* [Task to carry out]: Required from the data below: the exact lines starting at the line containing "郴州列车相撞事故现场。" and ending at the line containing "雄狮 摄影 / 吴海峰", with both ends kept and all pictures dropped.

* [Records provided]:
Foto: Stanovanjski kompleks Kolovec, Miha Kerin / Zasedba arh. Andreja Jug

==

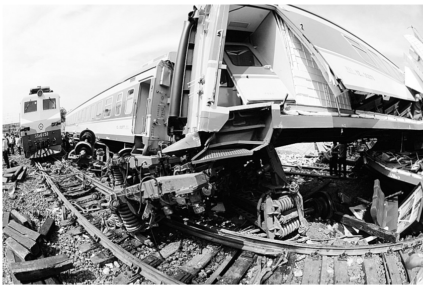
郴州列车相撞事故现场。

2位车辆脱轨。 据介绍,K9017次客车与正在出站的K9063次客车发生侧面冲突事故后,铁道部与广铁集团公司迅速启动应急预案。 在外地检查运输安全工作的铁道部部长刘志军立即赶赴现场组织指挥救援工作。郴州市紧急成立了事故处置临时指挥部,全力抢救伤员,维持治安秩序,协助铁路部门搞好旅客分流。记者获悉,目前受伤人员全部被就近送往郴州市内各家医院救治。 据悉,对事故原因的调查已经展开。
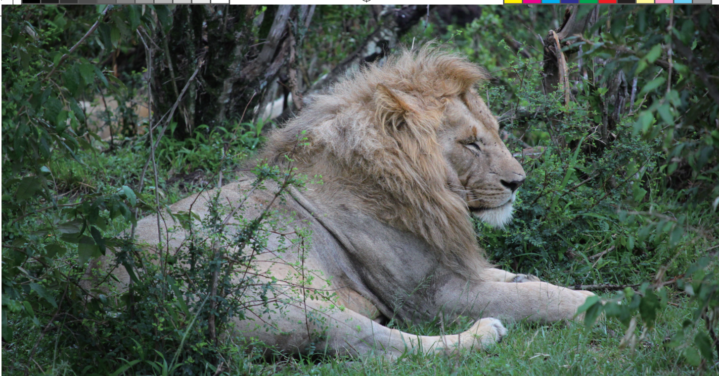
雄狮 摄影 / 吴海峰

...

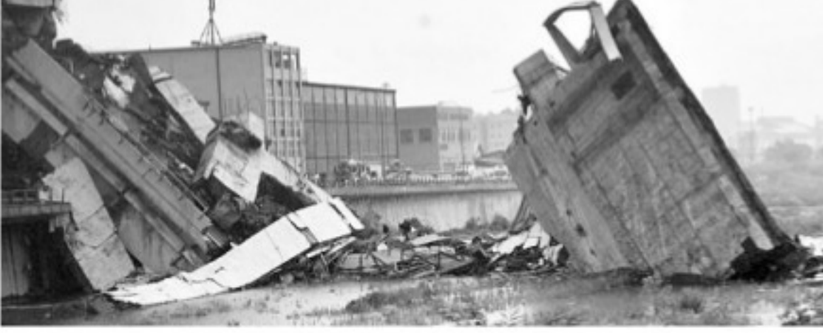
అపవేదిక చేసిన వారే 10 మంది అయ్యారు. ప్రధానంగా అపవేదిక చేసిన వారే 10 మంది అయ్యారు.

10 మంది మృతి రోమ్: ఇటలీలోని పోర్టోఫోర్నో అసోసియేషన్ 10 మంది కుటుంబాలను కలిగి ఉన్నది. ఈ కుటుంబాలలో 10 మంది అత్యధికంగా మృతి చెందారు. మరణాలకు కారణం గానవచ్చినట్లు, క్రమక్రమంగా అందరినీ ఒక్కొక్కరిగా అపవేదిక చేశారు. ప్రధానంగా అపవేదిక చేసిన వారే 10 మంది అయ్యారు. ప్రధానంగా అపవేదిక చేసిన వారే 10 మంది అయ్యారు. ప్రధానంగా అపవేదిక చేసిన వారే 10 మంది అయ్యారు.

* [Problem solution]:
郴州列车相撞事故现场。

2位车辆脱轨。 据介绍,K9017次客车与正在出站的K9063次客车发生侧面冲突事故后,铁道部与广铁集团公司迅速启动应急预案。 在外地检查运输安全工作的铁道部部长刘志军立即赶赴现场组织指挥救援工作。郴州市紧急成立了事故处置临时指挥部,全力抢救伤员,维持治安秩序,协助铁路部门搞好旅客分流。记者获悉,目前受伤人员全部被就近送往郴州市内各家医院救治。 据悉,对事故原因的调查已经展开。
雄狮 摄影 / 吴海峰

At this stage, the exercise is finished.